Review: The Writer’s Garden by Jackie Bennett

book review writer's garden

This was always going to be a book that appealed, based as it is on my two great loves: literature and gardens. And it didn’t disappoint.

It sits somewhere between a glossy coffee table tome and a more scholarly work with Richard Hanson’s beautiful photographs a complement to Jackie Bennett’s careful research.

She takes us on a tour of the country through the gardens of such literary luminaries as Jane Austen, Virginia Woolf and Thomas Hardy. For some, the garden was a source of inspiration, for others a place of refuge.

We learn of Dickens’ penchant for scarlet pelargoniums, which he always wore as a buttonhole, while Roald Dahl developed a passion for orchids.

John Ruskin used his garden on the shores of Coniston Water as an outdoor laboratory, exploring ways of working with nature.
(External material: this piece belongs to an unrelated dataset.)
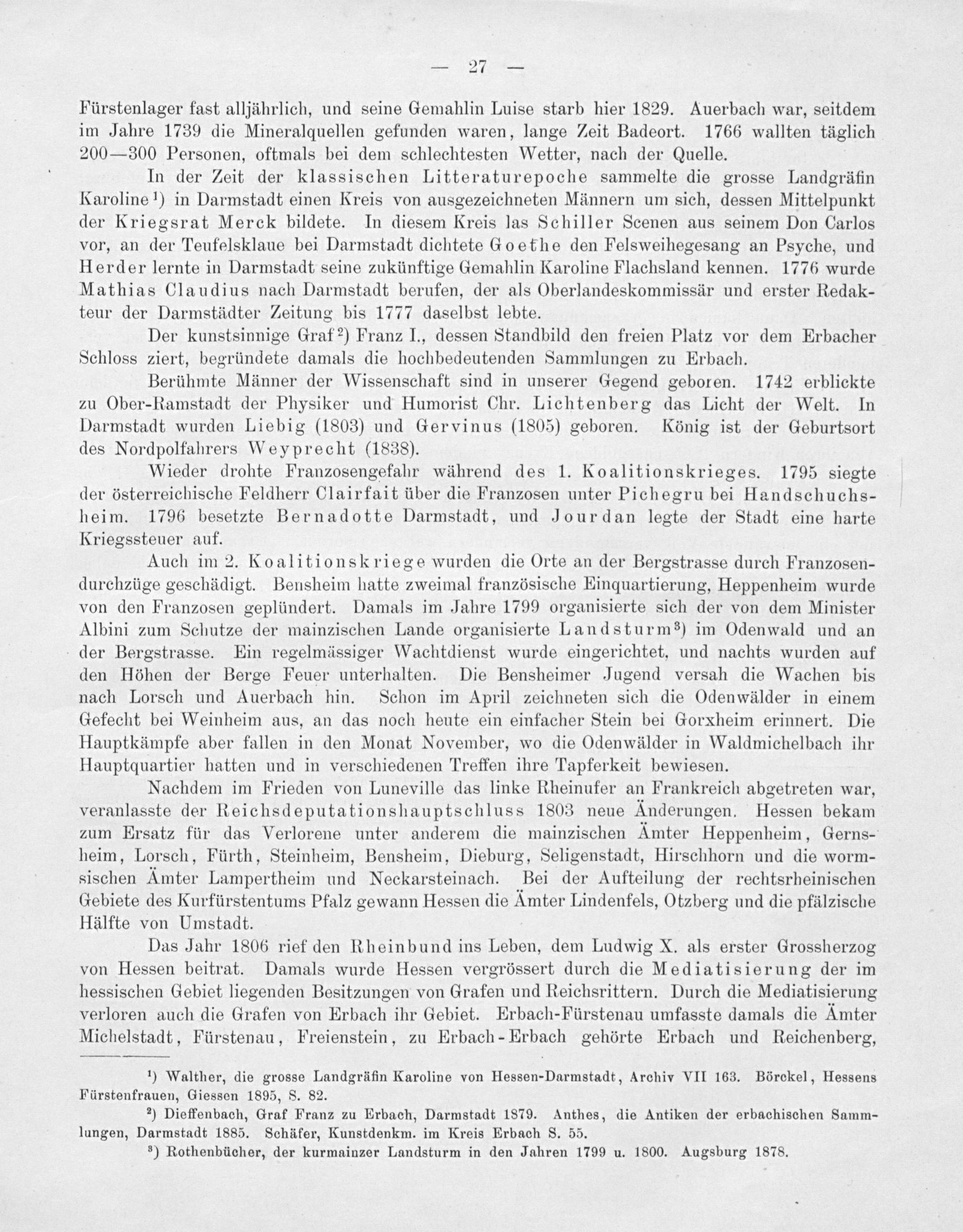 In der Zeit der klassischen Litteraturepoche sammelte die grosse Landgräfin Karoline ¹) in Darmstadt einen Kreis von ausgezeichneten Männern um sich, dessen Mittelpunkt der Kriegsrat Merck bildete. In diesem Kreis las Schiller Scenen aus seinem Don Carlos vor, an der Teufelsklaue bei Darmstadt dichtete Goethe den Felsweihegesang an Psyche, und Herder lernte in Darmstadt seine zukünftige Gemahlin Karoline Flachsland kennen. 1776 wurde Mathias Claudius nach Darmstadt berufen, der als Oberlandeskommissär und erster Redak- teur der Darmstädter Zeitung bis 1777 daselbst lebte.

For others, including Dahl and Jeffrey Archer, the garden was a place to write, while turning land at Abbotsford in rural Scotland into a “wooded Eden” became an all-consuming project for Sir Walter Scott.
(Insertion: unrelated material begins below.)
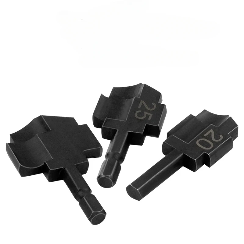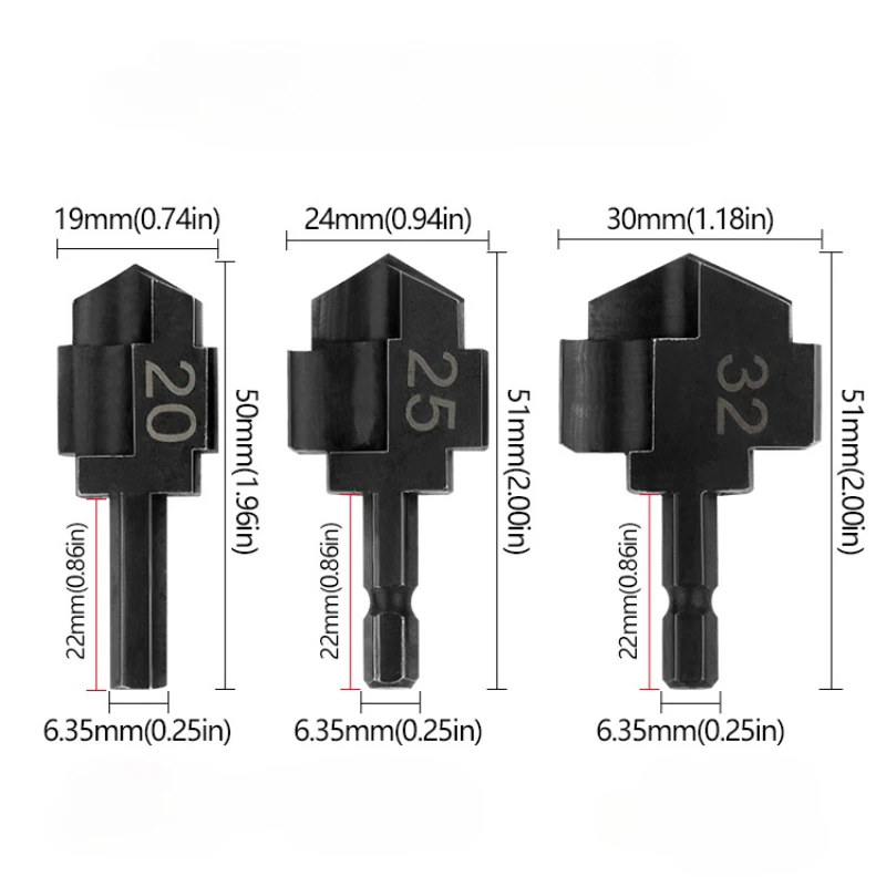 This set of three core drill bits is essential for any plumbing enthusiast or professional, featuring sizes 20mm, 25mm, and 32mm, specifically tailored for tapping and repairing PPR water pipes. Constructed from high carbon steel, each bit showcases a dark, metallic finish with a matte texture, ensuring both durability and a rugged appearance. The flat, hexagonal shank allows for seamless compatibility with a variety of power tools, while the truncated cone design of the heads optimizes performance during core drilling tasks. You'll find size markings etched in a contrasting color, making it easy to select the right bit for your project.

The gardens’ influence can be seen in much of the writers’ work: the Battery in Agatha Christie’s Devon plot features in several of her novels; Beatrix Potter’s Hill Top country garden is the backdrop for many of her stories and who can forget Rupert Brooke’s yearning for The Old Vicarage at Grantchester in the poem of the same name?

These references are placed in context by Bennett, who includes in each section a timeline of the author’s work while associated with the garden in question.

With short, easily digested chapters and details on visiting the gardens, most of which are open to the public, this is a book for dipping into and the starting point for further exploration.

The Writer’s Garden, by Jackie Bennett, photography Richard Hanson, is published by Frances Lincoln.